Table 1 Significantly increased risk of breast cancer for individuals with both a high PRS313 and high WID™-qtBC index.

Comparing the PRS313, WID™-qtBC, or a combination thereof across different risk quartiles, the WID™-qtBC either alone or in combination with the PRS313 exhibited an increased OR compared to the PRS313 in the highest risk quartile, suggesting enhanced risk stratification (Fig. 3c); we did not see an improved performance when combining the WID™-qtBC with the PRS313 compared to the WID™-qtBC alone in this set, although sample numbers were small (Fig. 3c).

Association of combined WID™-qtBC and PRS313 risk groups with clinical features

The highest risk scores (both high PRS313 and high WID™-qtBC) were associated with higher tumour stages and grades (Fig. 3d, p = 0.0349 and p = 0.0167 for stage and grade, respectively, derived from logistic regression model using ER status, PR status, HER2 status, nodal stage, tumour stage, and tumour grade as independent variables and risk group as the dependent variable). Of note, the proportion of patients with a low PRS and a low WID™-qtBC appeared higher in the ER- than in the ER+ group, which would not clinically be expected. In a logistic regression model, either accounting or not accounting for additional receptor status and stage/grade, ER status was associated with an increase in risk group, but this was not significant. We therefore believe this to reflect the relatively small sample size rather than a clinically significant effect. Due to the case/control design our study population is not entirely reflective of the general population, and a prospective collection of cohort samples will be required to further evaluate the use of the WID™-qtBC.

Malleability of WID™-qtBC by external factors

Whereas the PRS313 captures the genetic heritable risk, the WID™-qtBC could be modified by non-heritable factors as it is based on DNA methylation, which is known to be influenced by ageing and external exposures34. This might make it amenable to dynamic risk monitoring. Inhibition of the action of progesterone, a key risk driver of breast cancer development, has been suggested to reduce breast cancer risk35. Two-month exposure to mifepristone reduced the WID™-qtBC in breast tissues of 7/9 individuals compared to a reduction in only 3/11 women in a control group treated with vitamins (Fig. 4a), although this was not significant using paired Wilcoxon tests (p = 0.31 and p = 0.43 for mifepristone and vitamin use, respectively). Interestingly, the WID™-qtBC also was significantly positively associated with age, body mass index, and age at menopause (the latter two only in breast cancer cases) (Fig. 4b-e) in cervical samples of the validation set, indicating an interaction between genetic (mQTLs) with non-genetic risk factors. A high PRS313 appeared to drive higher WID™-qtBC levels particularly in younger women that were aged below the median age in the validation set (p = 0.017 compared with lowest PRS313 quartile in Wilcoxon test, Supplementary Figure 2).
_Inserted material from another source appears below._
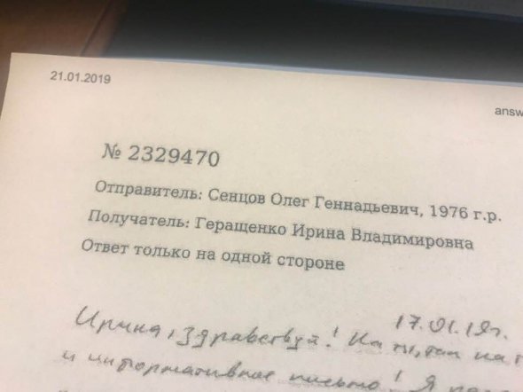 Ірина Геращенко отримала листа від українського політв'язня Кремля Олега Сенцова.

Fig. 4: Dynamic changes of the WIDTM-qtBC and association with non-genetic characteristics.
figure 4

a Matched breast biopsy samples in healthy women before and after two months of vitamin or mifepristone treatment. 7/9 (77.8%) women in the mifepristone group showed a reduction in the WIDTM-qtBC while only 3/11 (27.3%) showed a reduction in the vitamin group. Association of the WID™-qtBC scores in cervical samples in the validation set with (b) age, (c) body mass index, (d) age at menarche, and (e) age at menopause in cancer cases and controls (R indicates Pearson correlation coefficient).

Discussion

Our study demonstrates that a combination of 104 mQTL CpGs can identify women with breast cancer using hormone-sensitive surrogate samples (cervical sample; Fig. 2b, c) or breast tissue (Fig. 2e, f). A recent clinical trial showed that breast magnetic resonance imaging (MRI) detected cancers at earlier stages (smaller and less likely node-positive) in women aged 30–55 years with a cumulative lifetime breast cancer risk of at least 20% than mammography36, and that MRI screening is preferred in high-risk women37. Hence, taking the distribution of controls in the validation set as a proxy for the general population, offering the 13.8% of women within the high PRS313/high WID™-qtBC group screening will result in identification of 50.4% of all breast cancers, and these will likely be cancers which might benefit most from earlier detection, e.g., using MRI or Digital Breast Tomosynthesis.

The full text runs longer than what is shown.